Neurotrophic epitheliopathy suggested as post-LASIK dry eye cause
SAN FRANCISCO The problem of dry eye after LASIK is most likely the result of a neurotrophic epitheliopathy induced by the severing of corneal nerves when the flap is made, rather than diminished tear production. This is the conclusion of a study by Steven E. Wilson, MD, as reported in the June issue of Ophthalmology.
In this retrospective case control study, individual eyes of 19 patients with moderate to severe erosions of the corneal epithelium at 1 to 3 months following LASIK were compared to eyes of 19 patients who did not develop epithelial erosions on the corneal flap. No patients who had significant signs of dry eye prior to surgery were included in the study.
The comparison of the two groups of patients revealed no difference in tear production at 1, 3, or 6 months and no significant difference in corneal irregularity or refractive correction, though some patients had a temporary decrease in visual acuity.

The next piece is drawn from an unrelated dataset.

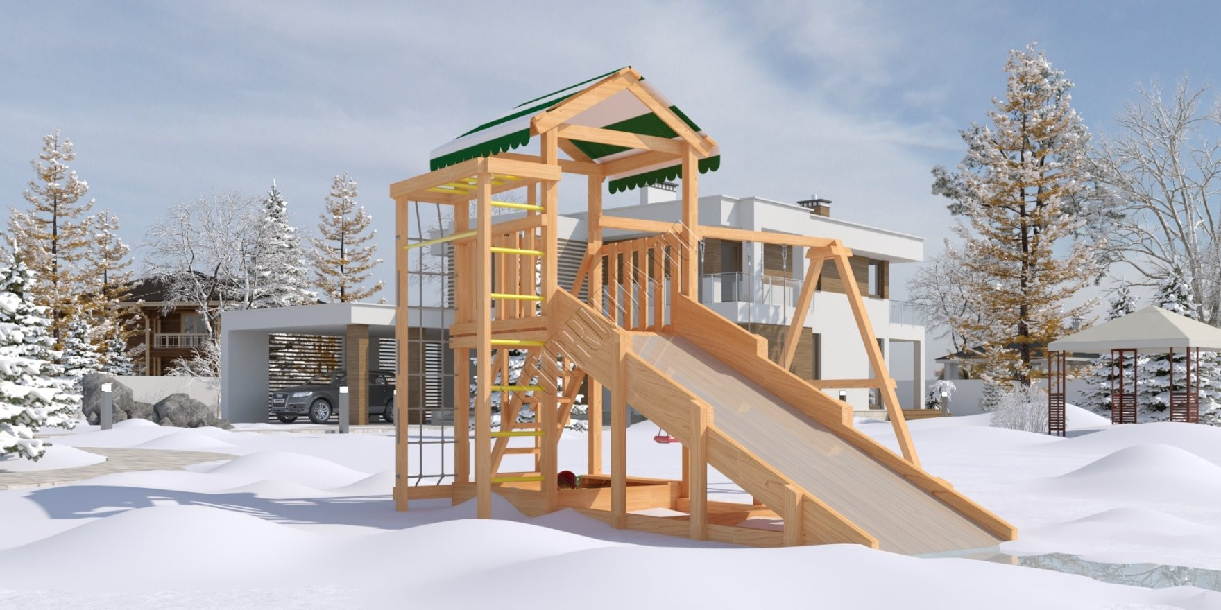 Конструкция, качество дерева и качельные подвесы соответствуют ГОСТ. Основной материал натуральный – это экологичный клееный брус, он гладкий на ощупь, его углы скруглены во избежание получения ссадин. Площадка полностью безопасна: все крепежи и болты плотно закрыты заглушками, а спортивное оборудование используется от проверенного сертифицированного бельгийского производителя.

What was found, according to Dr. Wilson, of the department of ophthalmology at the University of Washington in Seattle, was that "the signs and symptoms of LASIK-induced neurotrophic epitheliopathy (LNE) tend to resolve at approximately 6 months after surgery." Other studies have shown that on average this is when corneal nerves complete regeneration into the flap.
Dr. Wilson pointed out that approximately 4% of patients who have LASIK develop the LNE-associated epithelial erosions, which "may interfere with vision in some patients." Patients who have dry eye disease prior to LASIK are more likely to develop LNE and have more severe outcomes. He also said "it is unknown whether LNE is attributable to diminished neurotrophic factors released from the nerves or some other factor such as a decrease in the frequency of blinking." He called for further study "to clarify the mechanism and the association with the return in corneal sensation."
Dr. Wilson emphasized the importance of warning LNE-affected patients that "LASIK enhancement will likely be associated with a return of the symptoms and signs of LASIK-induced neurotrophic epitheliopathy." He advised in these cases that "enhancement be performed in one eye at a time, separated by at least 6 months so the patient's visual function is maintained."
A report by Rosan Y. Choi, MD, and Dr. Wilson describing their experience with LNE appeared in the January 1, 2001, issue of Ocular Surgery News.